# I need more help! (Jeez wont that kid shut up already!)



## AshleytheGreat (Jul 24, 2005)

I keep reading about the carbon cycle and how the ocean is involved in it. I have a few questions that im sure you brilliant minds can answer. I read that it is bad when the ocean absorbs CO2. Why does this cause harm? Also what makes the oceans acidic?


----------



## harif87 (Jun 5, 2006)

It becomes more acidic since when CO2 is absorbed by the ocean it combines with water to make HCO3 which is carbonic acid.


----------



## Damon (Jan 18, 2005)

harif87 said:


> It becomes more acidic since when CO2 is absorbed by the ocean it combines with water to make HCO3 which is carbonic acid.

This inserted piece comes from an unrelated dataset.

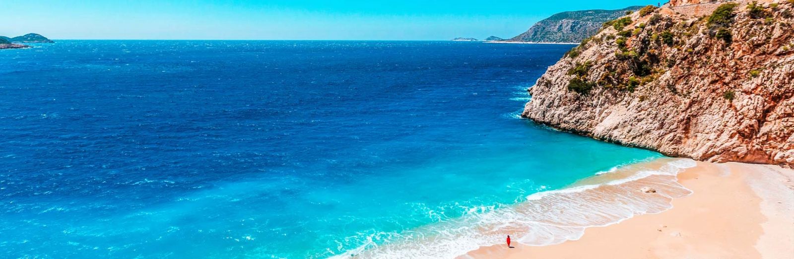 640 km. uzunluğundaki sahil şeridine sahip bir yeryüzü cenneti olan Antalya’nın kıyıları, uçsuz bucaksız plajları, beyazdan altın sarısına geçiş yapan renkteki kumsalları, masmavi, berrak suları, el değmemiş güzellikteki koyları ile dikkat çekiyor.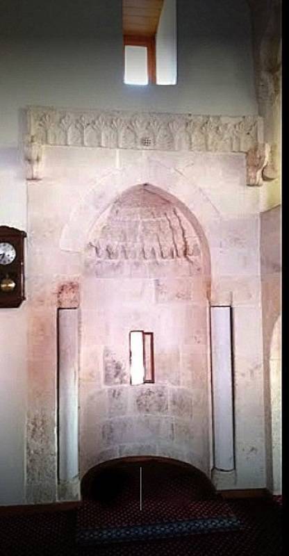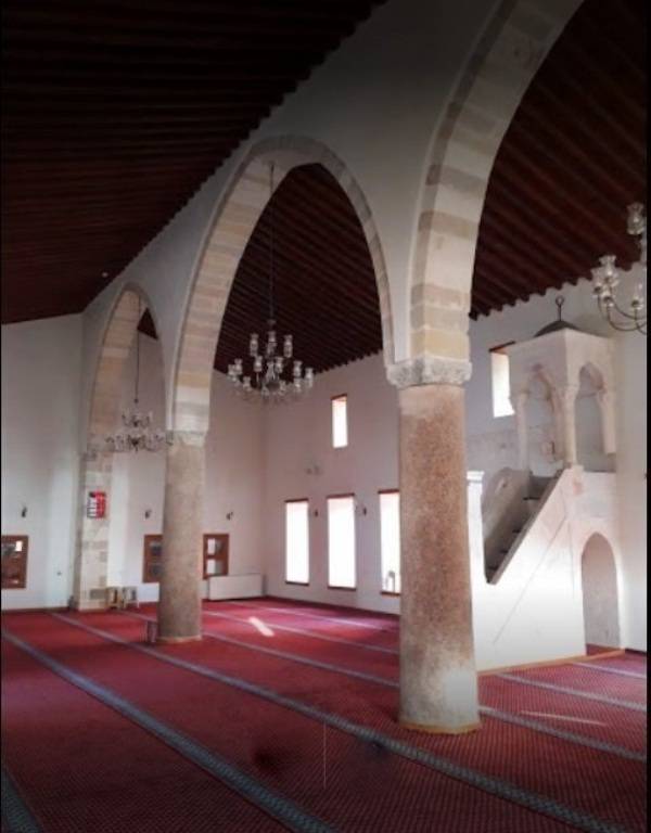 14-15. yüzyıllar arasında yapıldığı tahmin edilir. Minarenin altındaki taç kapıdan girilen bir tünel ve onbir basamaklı bir merdivenle şadırvanlı avluya ulaşılır. Harimi örten ahşap çatı ortadaki üç kemer üzerine oturmuştur. Mihrabın iki yanında kendi ekseni etrafında döndürülebilen iki taş sütüncesi bölgede mevcut tek örnektir.

Very good young padawan...... The force is strong in this one....


----------



## AshleytheGreat (Jul 24, 2005)

But doesnt the ocean need carbon. For example i read that corals need it to grow


----------



## aaa (Jan 19, 2005)

but if the level is too high it will cause harm. everything in excess is bad.


----------



## mr.dark-saint (Aug 16, 2005)

Carbonic acid makes the Calcium Reactors and reaction happen. Which desolves aragonite and such to release in to the tank for the corals to use.


----------